Danke für eure weiteren Bemühungen ! Gruß
Hallo Thomas,
ein Feuerwehrmann aus Berlin wartet im Rechtsstaat Deutschland, mindestens seit dem Jahr 2008, immer noch, auf seine amtsangemessene und qualitätssichernde Alimentation, weil das BVerfG über den diesbezüglichen Vorlagebeschluss des BVerwG zur A – Besoldung des Feuerwehrmannes bis dato immer noch nicht entschieden hat. Das Abschiedsgeschenk des damals zeitnah scheidenden Präsidenten des BVerfG, Herrn Prof. Dr. Dr. Vosskuhle, der Beschluss 2 BvL 4/18 vom 04.052020 ist nun auch schon älter als 2 Jahre. Dr. Torsten Schwan hat in seiner Veröffentlichung in der Zeitschrift DÖV (Die öffentliche Verwaltung) Heft 5 – März 2022 belegt, dass alle 17 deutschen Besoldungsgesetzgeber ihre Beamten in der untersten im Landeshaushalt ausgewiesenen Besoldungsgruppe, mindestens seit dem Jahr 2008, also bereits im 15. Jahr, mit monatlich ca. rund 500,- Euro (netto) zu niedrig alimentieren.
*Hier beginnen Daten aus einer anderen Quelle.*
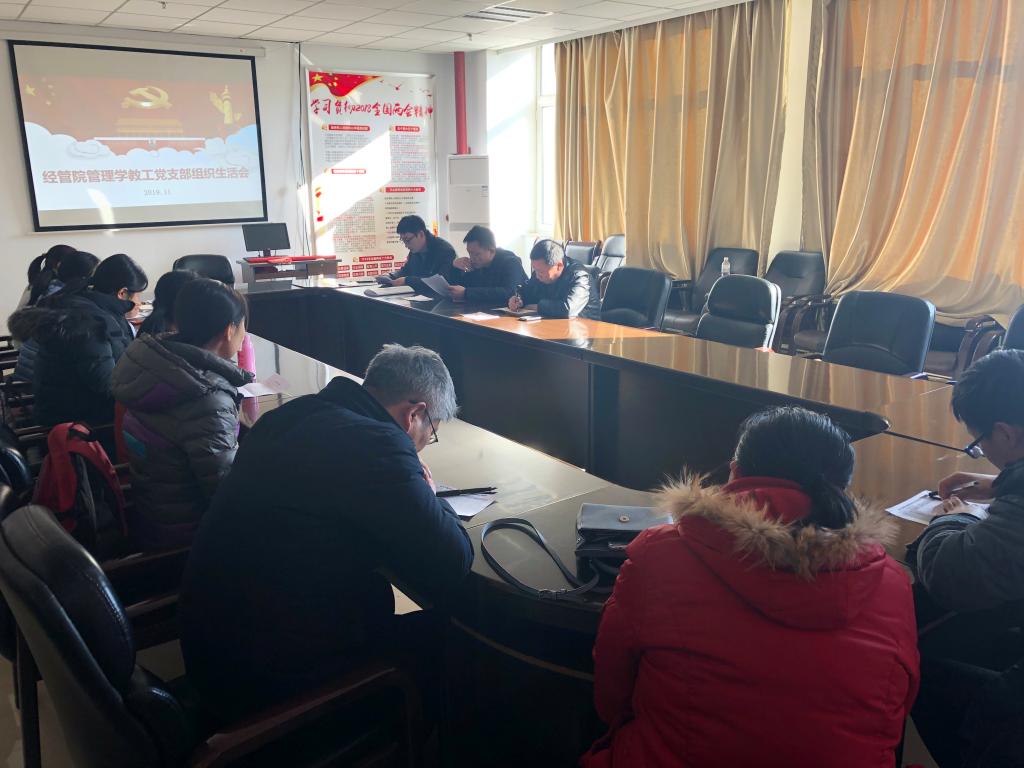 根据学校学院“不忘初心、牢记使命“主题教育系列活动要求和《关于基层党组织召开“不忘初心、牢记使命”主题教育专题组织生活会和开展民主评议党员的通知》,12月3日下午,经济与管理学院党委管理学教工党支部召开组织生活会。经济与管理学院联系院领导赵公民院长出席指导,支部党员积极参会。为开展好本次组织生活会,根据院党委部署,管理学教工党支部紧密围绕”不忘初心“开展了红色革命教育、承诺践诺、志愿服务等前期活动,做好了会前学习、集中讨论、谈心谈话、问题查摆等前期工作,做到活动有内容、有体会、有创新,做到学习和工作有意义、有深度、有成效。

Alle deutschen Beamten bis hinein in die Besoldungsgruppe A10 werden hiernach, mindestens seit dem Jahr 2008, unterhalb des Sozialhilfeniveaus alimentiert!
Was ist von den „Gremien“ zu tun? Diese sollten sich ein Beispiel am dbb – Thüringen nehmen und ihren Mitgliedern Rechtschutz gewähren. (https://www.thueringer-beamtenbund.de/aktuelles/news/tbb-macht-ernst-klage-gegen-beamtenbesoldung-eingereicht/)
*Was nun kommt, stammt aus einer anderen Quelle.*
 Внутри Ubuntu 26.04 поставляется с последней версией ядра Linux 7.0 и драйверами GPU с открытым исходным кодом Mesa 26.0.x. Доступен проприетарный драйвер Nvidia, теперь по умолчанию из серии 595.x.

Was sollte ein Jeder persönlich tun? Er sollte sich ein Beispiel an den Hamburger Beamten nehmen und persönlich Klage einreichen (https://www.dbb-hamburg.de/aktuelles/news/sachstand-zu-den-widerspruchs-und-klageverfahren-zur-amtsangemessenen-alimentation-der-beamtinnen-und-beamten/#:~:text=f%C3%BCr%20unser%20Hamburg-,Sachstand%20zu%20den%20Widerspruchs%2D%20und%20Klageverfahren%20zur,Alimentation%20der%20Beamtinnen%20und%20Beamten&text=Wie%20hinl%C3%A4nglich%20bekannt%20haben%20rund,die%20Bez%C3%BCgemitteilung%20Dezember%202020%20eingelegt.)
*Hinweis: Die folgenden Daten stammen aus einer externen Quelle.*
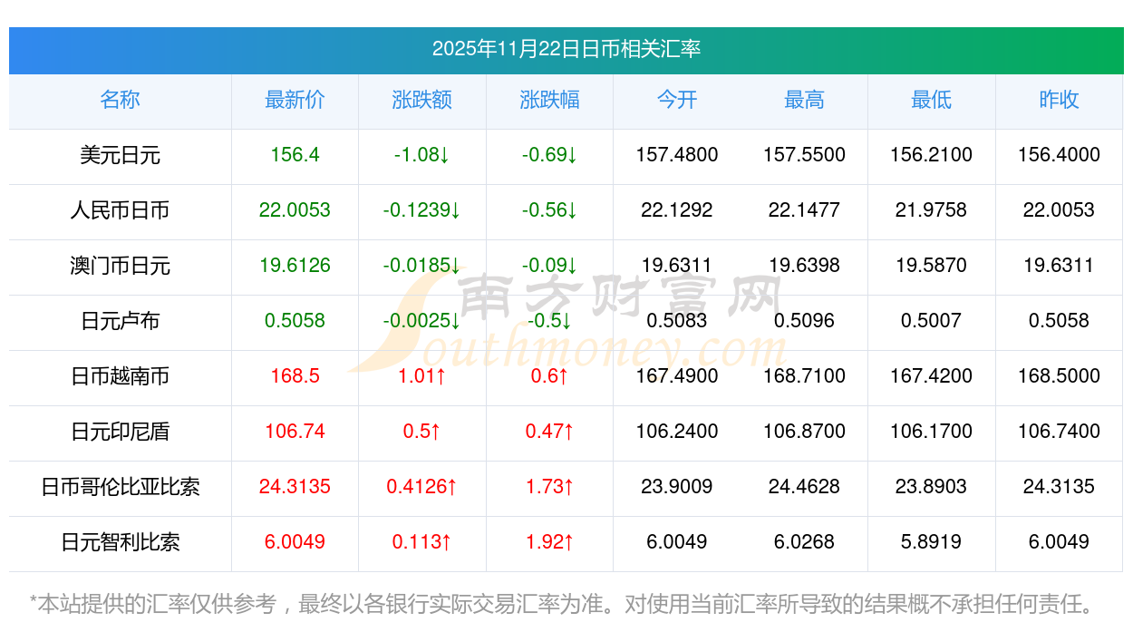 根据2025年11月22日汇率,日币兑换兰币汇率最新价0.111105,今开价0.1094,昨收价0.1111,最高价0.1117,最低价0.1093。

22.550 Widersprüche nur für das Jahr 2020, denen zumindest 7. 500 Klagen, nur in Hamburg, folgten. Dies obwohl, oder gerade weil der Hamburger Senat – übrigens als einziger der 17 Besoldungsgesetzgeber – bereits Rückstellungen im Haushalt gebildet hat. („Der Senat hat die Bürgerschaft mit der Drucksache 22/3821 am 6. April darüber informiert, dass im Abschluss des Haushaltsjahres 2020 Rückstellungen in Höhe von 460,6 Mio. Euro für das Risiko von Besoldungs- und Versorgungszahlungen im Zusammenhang mit Klageverfahren auf Gewährung einer amtsangemessenen Alimentation zu bilden sind. Weitere Hintergründe unter diesem Link. (https://hamburg.dgb.de/++co++5de648e0-9d1c-11eb-a42d-001a4a160123)
Die übrigen 16 Besoldungsgesetzgeber verstoßen in ihren Haushalten, zumindest grob fahrlässig, gegen die Grundsätze der Haushaltsklarheit und Haushaltswahrheit!
Ruhende Verfahren bringen, wie bereits a. a. O. geschrieben lediglich Eines: dem Dienstherrn Ruhe.